Oh So SEO
SEO Analytics7 min read

SEO Metrics: What to Track and How to Report on Your Progress

Not all SEO metrics are created equal. Here's what to track — and what's just noise.

By Oh So SEO·

The Problem with SEO Reporting

Most SEO reporting focuses on the wrong things. Rankings fluctuate daily. Traffic numbers look impressive on a graph. But neither tells you whether SEO is actually growing your business. Here's what to track instead — and why.

The Metrics That Actually Matter

1. Organic Traffic (Session Volume)

The most fundamental measure of SEO performance: how many people arrive at your site from Google. Track: monthly organic sessions (from Google Analytics). Compare month-over-month and year-over-year (year-over-year is more meaningful because it smooths out seasonal variation).

2. Organic Keyword Rankings

Which keywords are you ranking for, at what positions? Are positions improving over time? Track: positions for your target keywords. Focus on the trend, not the daily number. A keyword that moves from position 22 to position 11 is significant progress (it just moved to page one) even if you're not getting traffic yet.

3. Organic Click-Through Rate

Of all the times your page appeared in search results (impressions), how often did someone click? A low CTR despite high impressions suggests your title or description needs improvement. Track: CTR in Google Search Console → Performance.

4. Conversions from Organic Traffic

The ultimate measure: how many leads, sales, sign-ups, or other valuable actions came from organic search? Set up conversion tracking in GA4. Connect it to your organic traffic data.

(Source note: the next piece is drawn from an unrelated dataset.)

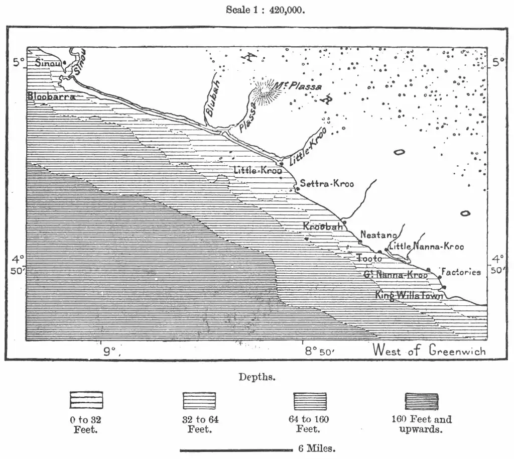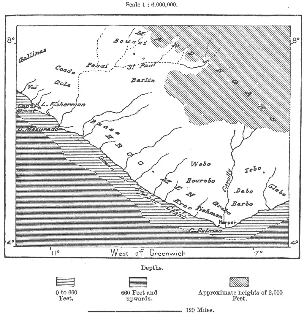 East of Cape Palmas the coast-line develops a curve of surprising regularity stretching for 370 miles eastward to Cape Three Points. The greater part of this gently curved seaboard takes the name of the Ivory Coast, and also that of

This is the number that justifies SEO investment.

5. Indexed Pages

How many of your pages is Google actually indexing? If you publish 50 pages and only 30 are indexed, something's wrong. Track: in Google Search Console → Pages → All submitted.

6. Core Web Vitals

Your page experience scores (LCP, INP, CLS). Consistently poor scores can suppress rankings relative to competitors with better scores. Track: in Google Search Console → Experience → Core Web Vitals.

Metrics to Not Obsess Over

Daily rankings: Rankings fluctuate constantly. Daily tracking creates anxiety without insight. Check weekly or monthly. Domain Authority: A metric from Moz (and similar from other tools). Useful as a rough benchmark but not a Google metric. Don't optimise for it directly. Total backlinks: The count matters less than the quality. 5 links from relevant, authoritative sites > 500 links from low-quality directories.

A Simple Monthly SEO Report

For small businesses, a monthly report should cover:
  • Organic traffic: this month vs last month vs same month last year
  • Top 10 organic landing pages by traffic
  • Keyword ranking changes for your priority keywords
  • Conversions from organic traffic
  • One thing that improved, one thing to investigate
  • Keep it to one page. The goal is action, not documentation.

    FAQ

    How long until I see SEO results in my metrics? Meaningful trends take 3–6 months to emerge. Don't draw conclusions from a single month's data. What's a good organic CTR? It varies significantly by position. Position 1 averages around 28%. Position 3 around 10%. Position 10 under 3%. If your CTR is lower than these benchmarks for your average position, focus on improving your titles and descriptions. Should I track competitor rankings? Useful context, but don't let it distract you from your own progress. What matters is whether your organic traffic and conversions are growing.